From: Tamar Christina <Tamar.Christina@arm.com>
To: Jan Hubicka <hubicka@ucw.cz>, Richard Biener <rguenther@suse.de>
Cc: "gcc-patches@gcc.gnu.org" <gcc-patches@gcc.gnu.org>,
nd <nd@arm.com>, "jlaw@ventanamicro.com" <jlaw@ventanamicro.com>
Subject: RE: [PATCH 4/19]middle-end: Fix scale_loop_frequencies segfault on multiple-exits
Date: Fri, 7 Jul 2023 12:27:56 +0000 [thread overview]
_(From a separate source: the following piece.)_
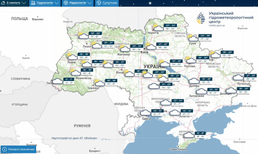 Погода 2-4 лютого, Укргідрометцентр

Message-ID: <VI1PR08MB53258470C38896D93FD58B5CFF2DA@VI1PR08MB5325.eurprd08.prod.outlook.com> (raw)
In-Reply-To: <ZKgC/9WHxvuD3qdA@kam.mff.cuni.cz>
Hi Both,
Thanks for all the reviews/patches so far 😊
> >
> > Looks good, but I wonder what we can do to at least make the multiple
> > exit case behave reasonably? The vectorizer keeps track
>
> > of a "canonical" exit, would it be possible to pass in the main exit
> > edge and use that instead of single_exit (), would other exits then
> > behave somewhat reasonable or would we totally screw things up here?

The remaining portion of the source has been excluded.